I remember that day clearly  it started as an ordinary morning. My mom, dad, and I were preparing to attend a wedding. I stopped a keke, humming quietly in the background. I hopped in, ready to enjoy the day, my mind filled with thoughts of dancing, laughter,  celebration, and how to secure the bag..... (I mean food).

Two guys were sitting with me in the Keke, chatting casually. I wasn’t paying much attention at first  until I heard one of them say,

“Did you hear that Otiwa died?”

Immediately, my heart skipped.

"Which Otiwa?" I asked, praying it wasn’t who I thought.

They answered,

“We don't know her department, but we heard Otiwa.”

My heart raced. I couldn’t sit still. Right there in the Keke, I quickly pulled out my phone and called my friend Sammy a course mate of  Otiwa I knew. My hands shook as the phone rang.

When Sammy answered, her voice was heavy. She confirmed it.

Rosemary Otiwa was no more.

It felt like someone poured a bucket of ice water over me right there in the Keke. I froze. I couldn't hear anything else. I couldn't focus. Even when we got to the wedding, I was physically present but my mind  my heart  was lost. We couldn't even stay till the end of the wedding. I needed to go home. I needed space to cry, to grieve, to understand.

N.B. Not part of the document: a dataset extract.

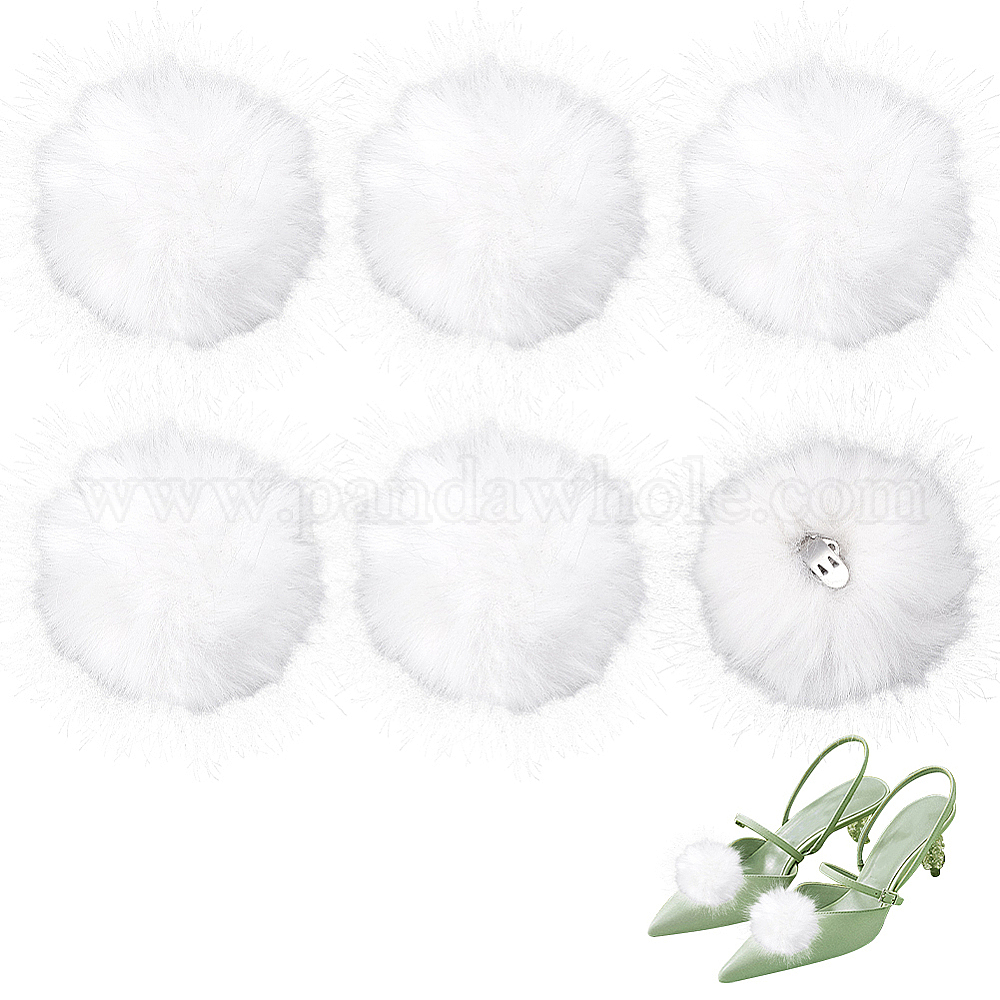 • Белый Помпон из волокна, для шапок обувь шарфы подвески на сумку аксессуары, с зажимами, белые, 50 мм

I couldn’t help but flash back to when I first met Rosemary Otiwa.

Rosemary was more than a friend she was a blessing. Even when I didn’t ask for help, she was always there, pushing me to be better. I remember how she would walk into my room with that bright smile and tell me,

“Delight, read. Read your books.”

Over and over again, she reminded me that my dreams were within reach  if only I worked for them.

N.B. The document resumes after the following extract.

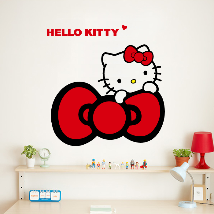 hello kitty猫蝴蝶结墙贴 儿童房卧室装饰贴纸 凯蒂猫门贴玻璃贴

Because of her encouragement, my 200 level results were some of the best I'd ever had. She made me believe I could do more, that I could be more. She checked on me — my academics, my health, my well-being. She gave her heart so freely.

And now... she's gone.

Sometimes, I sit in my room and look at her final year class group photo. I see her face among her mates, bright and full of dreams. And then it hits me again  she won't be graduating with them. Her journey stopped too soon.

Death doesn't care.

It doesn't ask for permission.

It doesn't knock.

It just comes  snatching joy, leaving cold spaces where laughter used to be.

As I think about all the deaths I've seen around me, I'm forced to realize: death is no respecter of dreams, of age, or of plans.

So what do we do as we await our own time?

We must live right.

We must live prepared.

Because death never announces itself  it only arrives.